The beaches in the Caribbean are more numerous, more expansive (both in width and depth) and more forgiving on the feet.  And the slope from the beach into the sea is much more gradual. The waves lap at your toes instead of knocking you over like they do in Hawaii. And the water is warm, like bathwater.  Snorkeling from the shore is incredibly easy in the Caribbean. 

The Caribbean islands are much, much smaller than Hawaiian islands, but much more numerous and clumped together.  From most islands, you can easily island hop to another island via a ferry.  In some places, you could easily kayak from one island to another.    

In the summer, the mosquitoes and humidity can be bothersome. And, of course, you have an entire hurricane season that can wreck your plans.  But in the winter, the weather is a perfect respite from the winters on the continent. 

One of the biggest contrasts between the island is the people. The Caribbean islands are inhabited by former slaves, and there are still lingering effects of that racial divide.  While xenophobia certainly exists in Hawaii, it is targeted more at people who want to stay; tourists are generally welcomed.  In the Caribbean, there is a very palpable tension between the haves and the have nots. It's subtle, but it definitely exists.  

For instance, in Hawaii, service people are slow because they're on "island time," in the Caribbean most service people seem defiantly slow. They seem annoyed that you're interrupting their day. 

Another example:  One day we were riding in an open air taxi with our friends.  The black driver waved to every other black person he saw, whether they were workers or locals.  He stopped to offer a ride to a local woman walking on the street, and didn't charge her for the ride.  He never waved to a white person, even fellow taxi drivers.  If you aren't paying attention, you'd miss it.  But I did, and I felt a bit uneasy. 

A final example:  We were at the local grocery store, with its sky high prices.  The cashier rang up a local in front of us.  His dozen items totaled $10 or so, which was a fraction of what it should have been.
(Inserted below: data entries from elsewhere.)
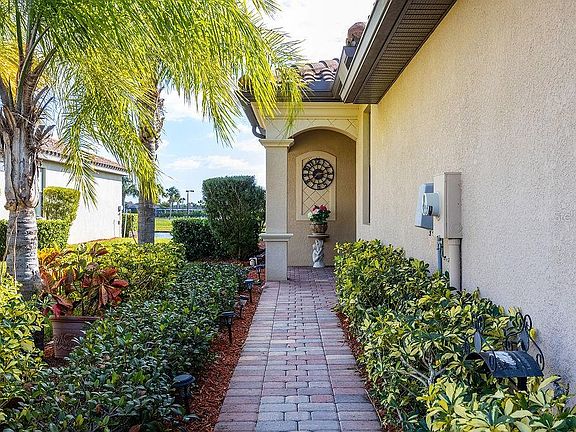 Why live in the cold when you can live in sunny, beautiful Paradise with all the amenities you could ever want right in your "backyard"?! River Strand Villa, WATER VIEW - Barely used 2 bedroom, 2 bath + Den/Office/Flex space, 2 car garage with extended screened paver lanai on a premium LAKEFRONT lot! Guard-Gated, Golf & Social community with 2015 Maintenance-Free Villa featuring Fresh modern interior paint, custom 18" ceramic tile throughout the main areas of the home, custom crown and trim moldings, NEWER/barely used plush carpeting in all bedrooms, NEW fixtures including ceiling fans. You will notice the open floor-plan with split bedrooms for privacy and the glass French-doors leading into your den/flex space. Kitchen features 42" cabinets, stainless steel appliances with brand new dishwasher, Granite counter tops featuring breakfast bar, and closet pantry. Double door entry in the master bedroom, offering his and hers closets, NEWER plush carpet, and master bath ensuite with dual sink vanity, large soaking garden tub and walk in shower. Split guest bedroom along with the second hall bathroom featuring a shower/tub combo and large vanity. Plenty of linen and hall closet space. Sliding doors out to the extended screened paver lanai has plenty of space to entertain and enjoy the tranquil water view with no rear neighbors! River Strand is an exclusive golfing and social communities with a 27-hole Arthur Hills designed Golf course, clubhouse with restaurant and bar, endless classes and social clubs, community pools/spas, resistance pool for exercise, fitness centers, tennis courts, pickle ball and much more! Centrally located right off I-75 next to Costco with fast access to Siesta Key Beaches, Anna Maria Island, Sarasota shopping, St. Petersburg, Tampa and more!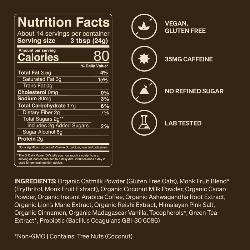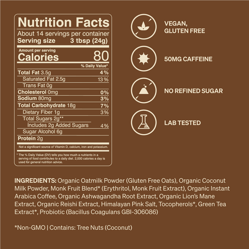 Our lattes froth like a coffee shop latte, thanks to our signature blend of oat milk and coconut creamer already in the mix - We include clinically backed dosages of functional ingredients in each blend - so you can be sure each blend is painstakingly researched. No B.S.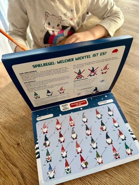 Der Klassiker im Block ist „Welcher Wichtel ist es“. Man stellt sich gegenseitig Fragen, die mit Ja oder Nein beantwortet werden, bis der richtige Wichtel erraten ist. Das funktioniert auch schon super mit jüngeren Kindern und macht einfach Spaß.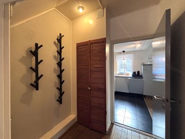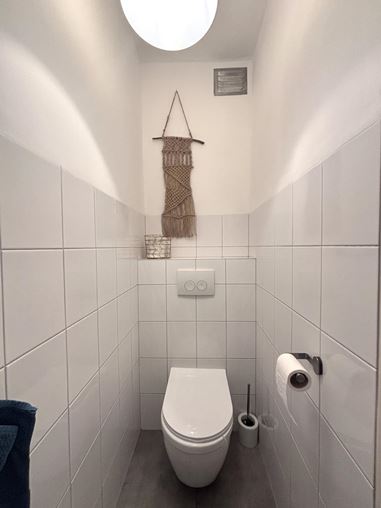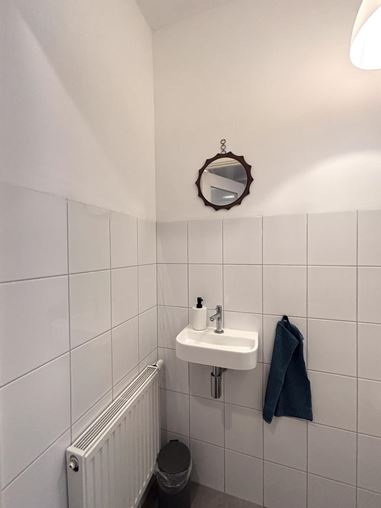 Upon entering the spacious hallway, you have access to the toilet and the living room with open kitchen. The modern kitchen is fully equipped with an induction hob, extractor hood, fridge with freezer compartment, oven and dishwasher.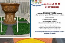 В районе прошел конкурс " Юный архитектор" в рамках проекта " Мир детства" среди ДОУ Советского района. Из нашего детского сада в конкурсе приняла участие воспитанница подготовительной группы Скоробогатых Арина и ее мама с бабушкой в номинации " Достопримечательности города Казани".Они достойно представили свою работу и стали призерами конкурса. Заслуженое III место. Поздравляем! Огромные молодцы!!!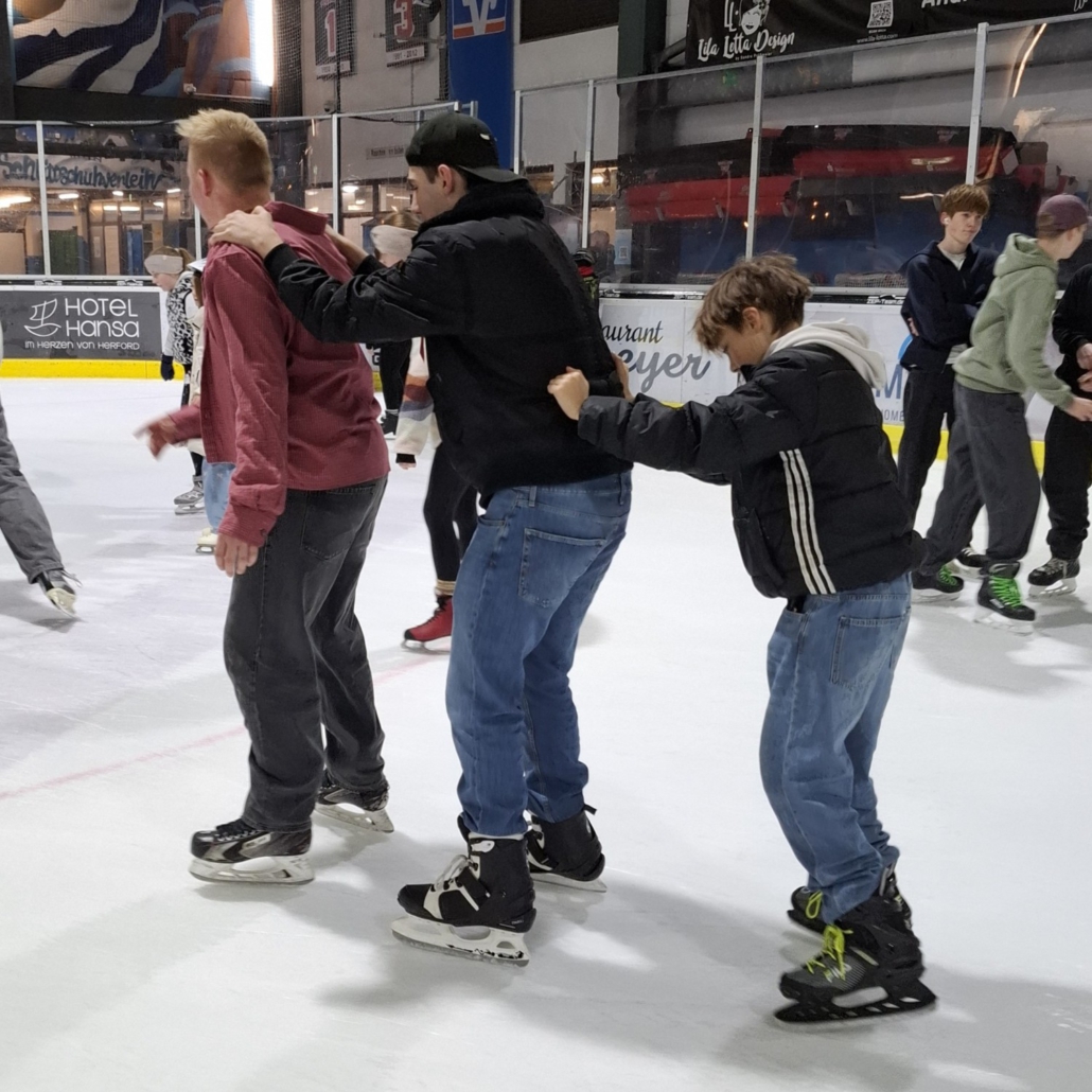 Nach den ersten vorsichtigen Runden, oft noch an der Hand oder gemeinsam mit dem „Zwerg“, wuchs bei allen schnell das Selbstvertrauen. 💪 Schon bald wagten sich die meisten alleine aufs Eis und drehten ihre Runden. Dabei wurde viel gelacht, sich gegenseitig geholfen und kräftig angefeuert. Es war wirklich schön zu sehen, wie schnell alle Fortschritte machten und wie viel Spaß das Eislaufen bereitete. ⛸✨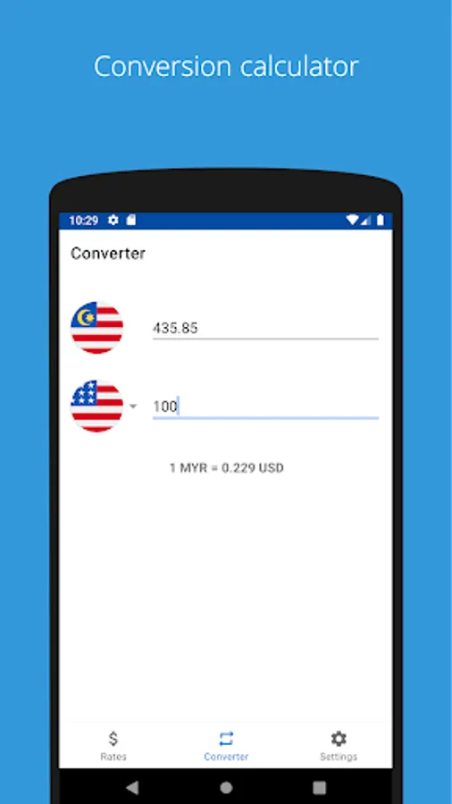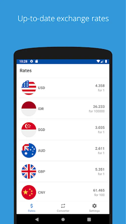 Application provide exchange rates from Malaysian Ringgit (RM / MYR) to USD, EUR, GBP, AUD, SGD, HKD, JPY, KRW, CNY, IDR, INR, THB and PHP.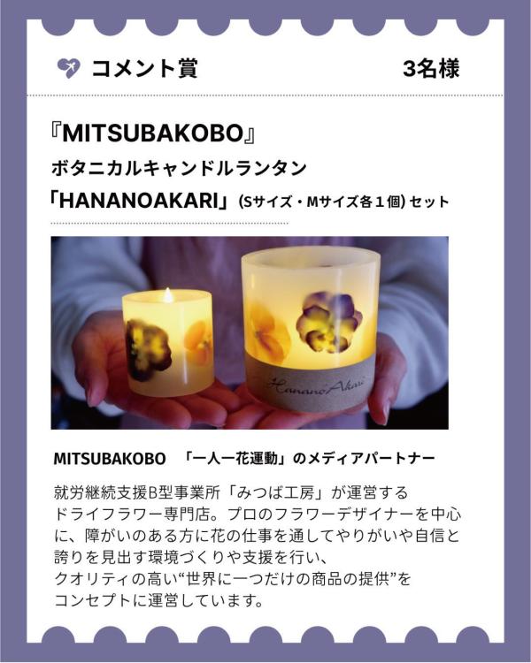 「コメント賞」では、一人一花メディアパートナー『MITSUBAKOBO(ミツバコウボウ)』の幻想的なボタニカルキャンドルランタンが3名にプレゼントされます!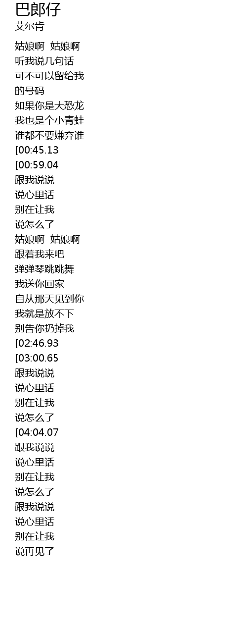 | [01:04.19][00:59.04][00:54.55][00:50.19] | qīn ài de lái ba lái ba lái ba lái ba lái ba lái ba |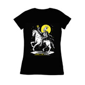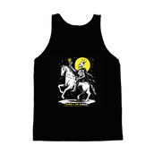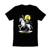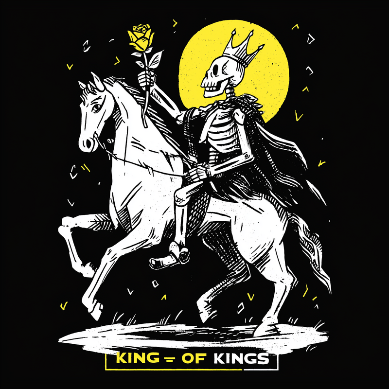 This striking design features a skeletal figure, crowned and cloaked, riding a majestic white horse. The skeleton holds a yellow rose, contrasting with the dark background and adding a touch of morbid elegance. A bright yellow moon provides a dramatic backdrop, enhancing the eerie yet regal atmosphere. The artwork employs a linocut or woodcut style, with bold lines and textured surfaces that give it a vintage, handcrafted feel. The phrase 'KING = OF KINGS' is emblazoned at the bottom, reinforcing the theme of death and royalty. The overall composition balances darkness and light, creating a visually compelling and thought-provoking image.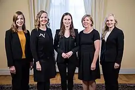 ![]() Главы партий, вошедшие в правительство. Слева направо: Ли Андерссон (Левый союз), Катри Кулмуни (Финляндский центр), Санна Марин (Социал-демократическая партия), Анна-Майя Хенрикссон (Шведская народная партия) и Мария Охисало (Зелёный союз) | |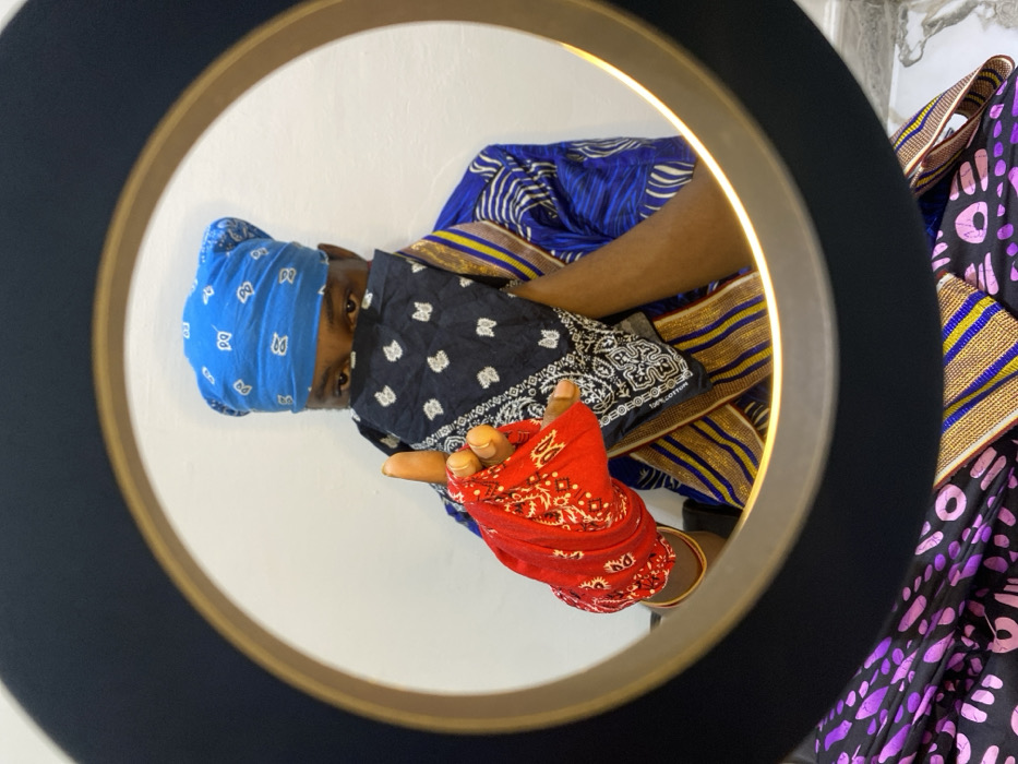 An individual is depicted indoors in Oduman, Ghana, viewed through a circular black frame with a golden inner rim, resembling a ring light. The subject's upper body faces forward. A blue bandana is tied on the head, covering the forehead. A black bandana with white paisley patterns covers the lower half of the subject's face, obscuring the nose and mouth. The text "100% COTTON" is visible on the lower left of this black bandana. The subject wears a blue garment with white textured stripes, overlaid by a fabric featuring horizontal stripes of gold, blue, and black. The left hand is extended towards the viewer, wrapped in a red bandana with white paisley patterns, forming a fingerless glove. The index finger of the left hand is pointed forward. A thin, gold-colored bracelet is visible on the left wrist. The background directly behind the subject is a plain white wall. In the lower left of the frame, a black fabric with large purple and black oval patterns is visible, consistent with a lower garment or draped material.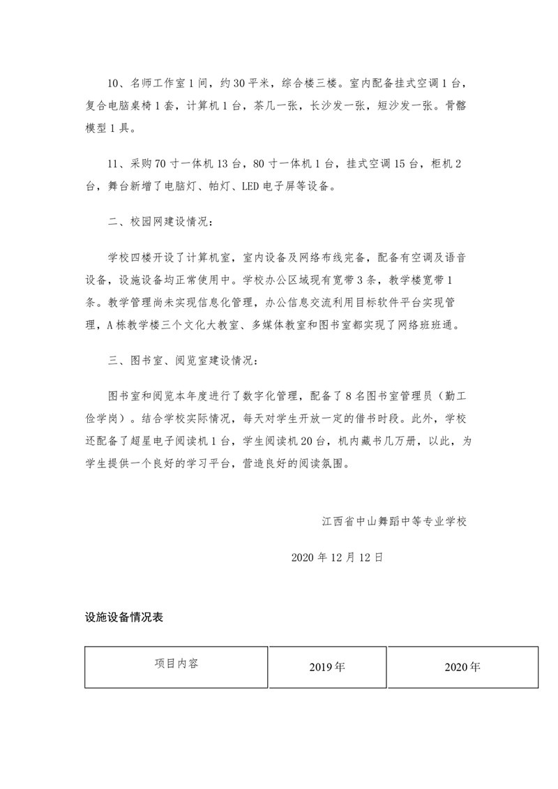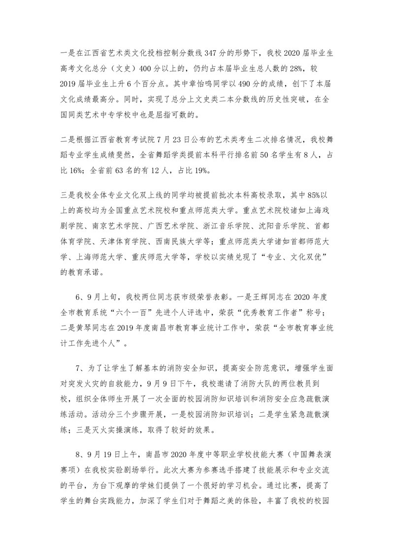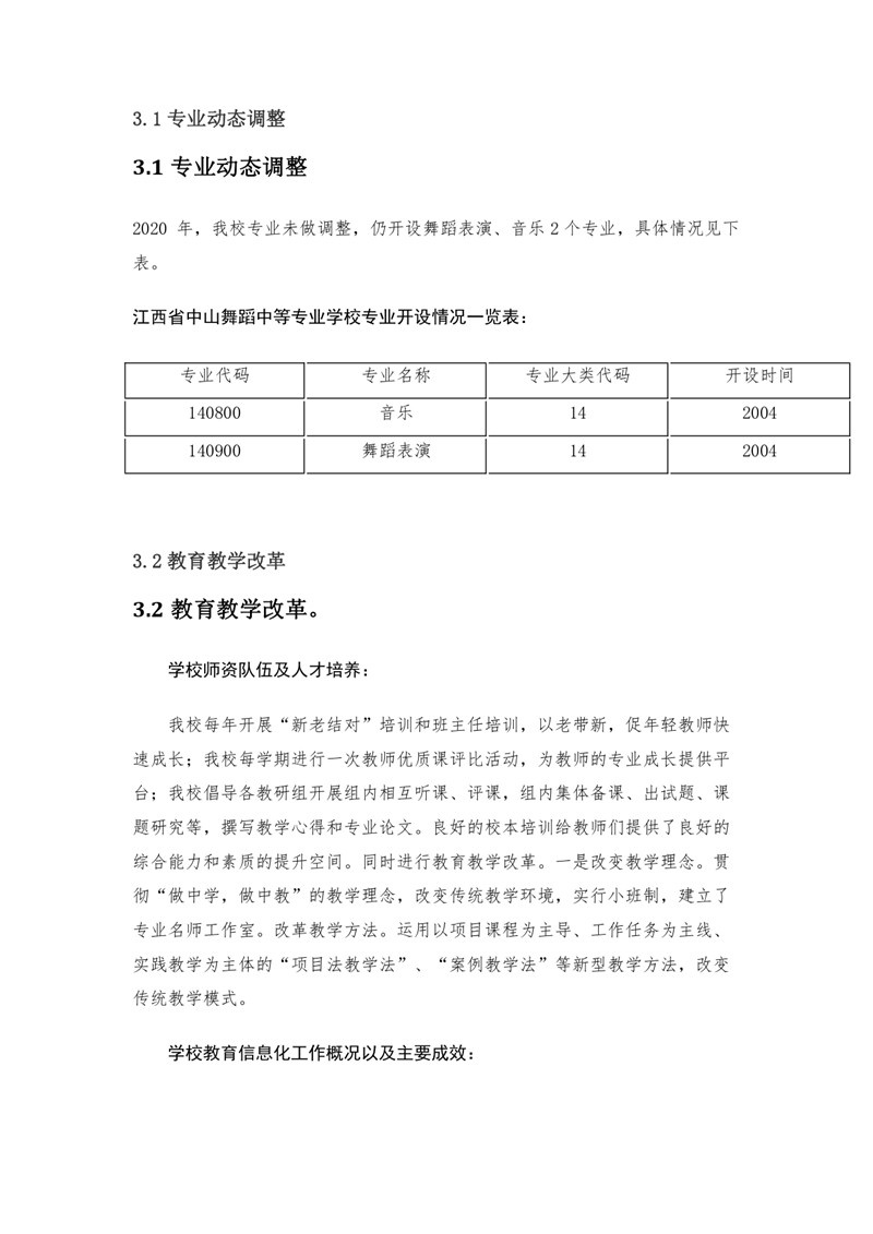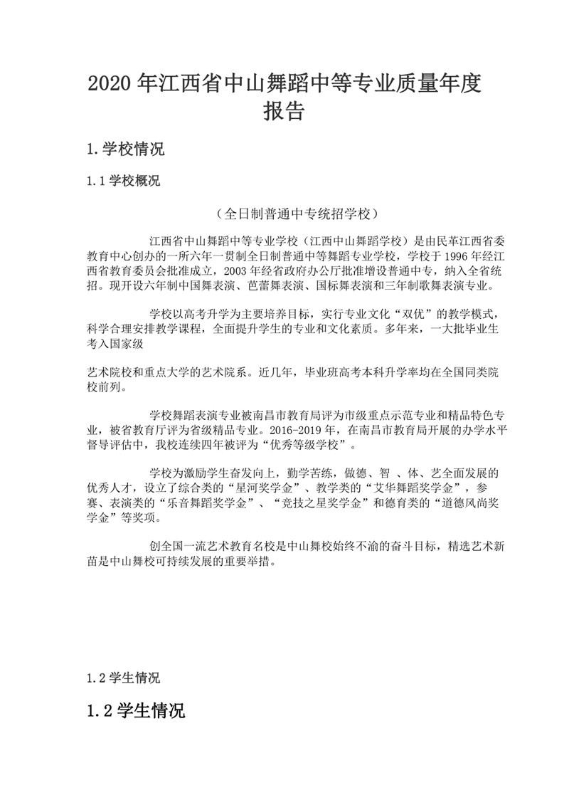 2020年江西省中山舞蹈中等专业中等职业教育质量年度报告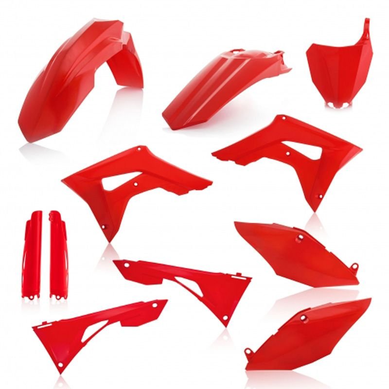 Acerbis vous présente le kit plastique Full : 1 garde boue avant1 garde boue arrière1 plaque frontale2 ouïes de radiateur2 plaques latéralesBas de fourcheCouleur rouge
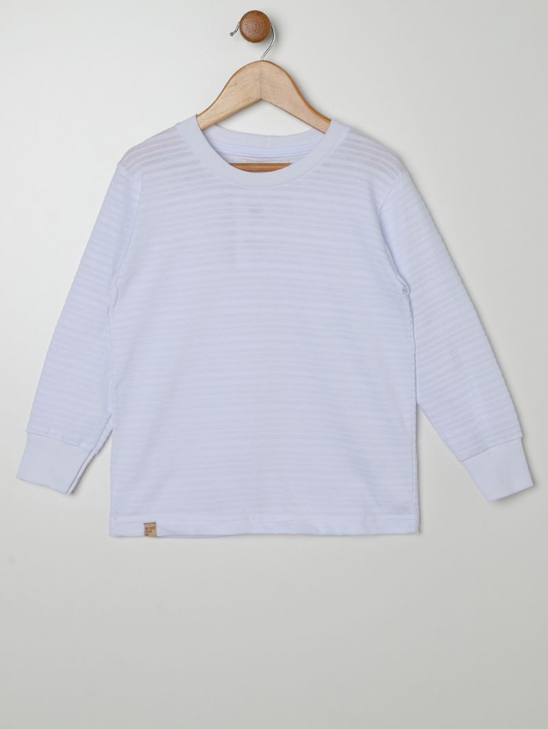 Camiseta infantil para menino desenvolvida em malha texturizada, combinando algodão e poliéster para garantir conforto, maciez e maior durabilidade. Possui gola redonda, mangas longas com punho e acabamento simples, oferecendo caimento confortável e proteção extra nos dias mais fresquinhos. Com design casual e proposta básica, é uma peça versátil que combina facilmente com diferentes looks do dia a dia, acompanhando a rotina dos pequenos com praticidade e bem-estar!\n\n Tecido: Malha texturizada\n Composição: 75% algodão, 25% poliéster

Blatant but obviously tolerated.

The Caribbean is still worth visiting, though, so don't let that stop you from checking it out.  It's just an entirely different flavor than Hawaii.  Both are drop dead beautiful!


----------



## csalter2 (Mar 3, 2013)

I don't think that the Carribean or other tropicial islands compare to Hawaii for one main reason.  That reason is that Hawaii is a state in the greatest and wealthiest country in the world. It's just that simple. I don't say that being an egocentric American, I say that because it's the honest truth. 

I have been to many islands in the Carribean and in Europe and Asia. The biggest difference that is very obvious is the standard of living in Hawaii is higher than in all of the others because it is a state in the greatest and wealthiest country in the world.  I hate going to the Carribean mainly because of the pressure to purchase in the touristy areas. Have you been to the Dunn River Falls of Jamaica, or just outside of Paradise Islands in the Bahamas? You have the locals there and other islands applying heavy pressure beyond belief on you to buy their souvenirs. The poverty is just in your face and it disturbs me. 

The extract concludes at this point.